When firm founders want to increase access to capital, one traditional route has been to take the firm public. Most public firms allow equal voting rights for all shareholders, so by going public, founders and early insiders inevitably give up a certain amount of control over the firm. More recently, however, a governance structure known as multiclass shares has exploded in popularity. Multiclass share structures separate voting rights from economic rights, allowing insiders to retain control while still raising money on public markets. Because multiclass structures can allow insiders to extract private benefits at the expense of outside shareholders, they are frequently criticized by both scholars and commentators as threats to good governance. Yet this narrow focus on maximizing shareholder financial returns fails to consider a myriad of other factors motivating firm governance choices, especially for the growing number of firms pursuing objectives beyond profit.

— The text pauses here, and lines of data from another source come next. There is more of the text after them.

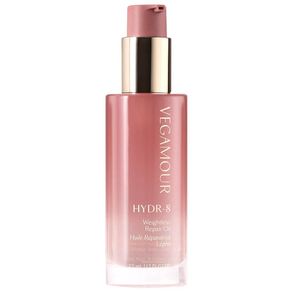 The formula brings together marula oil, vitamin C oil and a blend of sacha inchi and chia seed oil to add shine, improve split ends, nourish hair and protect it from free radicals. The "virtually weightless," fast-absorbing oil isn't weighed down by silicones, and never leaves hair slick or greasy. To see best results, start with a small amount, rub hands together to evenly disperse the oil and run hands through damp or dry hair from mid-length to ends. (The brand recommends one pump for fine hair, up to two pumps for medium hair and up to three for thick hair.) Per the brand, HYDR-8 Weightless Repair Oil adds 96% more glossy, natural shine and a 92% reduction in breakage.
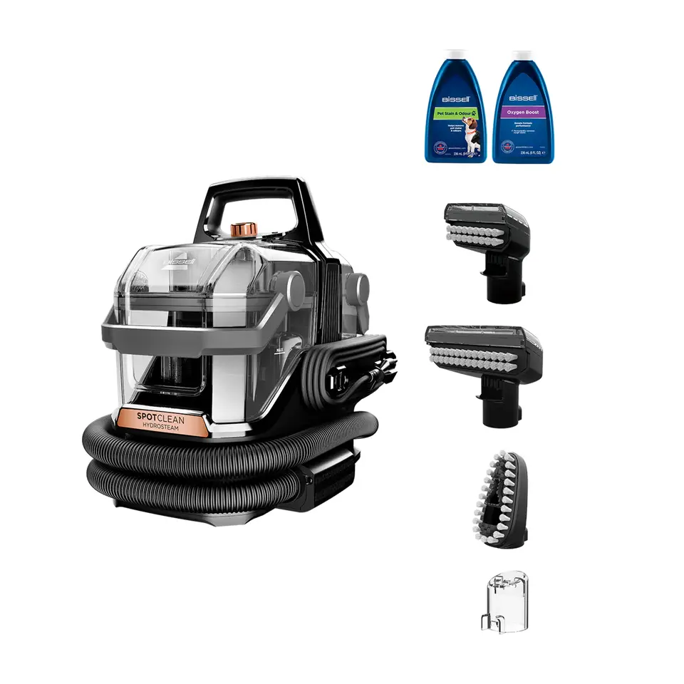 HydroSteam™ Technology: Cleans up to 50% better* by combining steam, powerful suction, and BISSELL formula to remove tough, stuck-on, and oily messes from carpets, upholstery, and more.
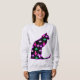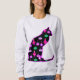 Camisola numa silhueta de gato sentado a preto, com um padrão de férias de ornamentos antigos de árvores de Natal em tons cor-de-rosa, verde e lavanda

This Article contributes to the scholarly literature on the efficacy of multiclass structures by adding more nuance and complexity to the traditional understanding. Specifically, it argues that multiclass structures can generate underappreciated and valuable social benefits of control. The social benefits of control accrue in two main ways. First, multiclass structures help solve a challenging private contracting problem among socially conscious firm insiders and outsiders. Second, they promote declining public markets by neutralizing a key reason why firms with objectives beyond profit may choose to stay private. These insights reveal that there are a range of benefits to multiclass structures that must be balanced with the costs traditionally highlighted by corporate law scholars.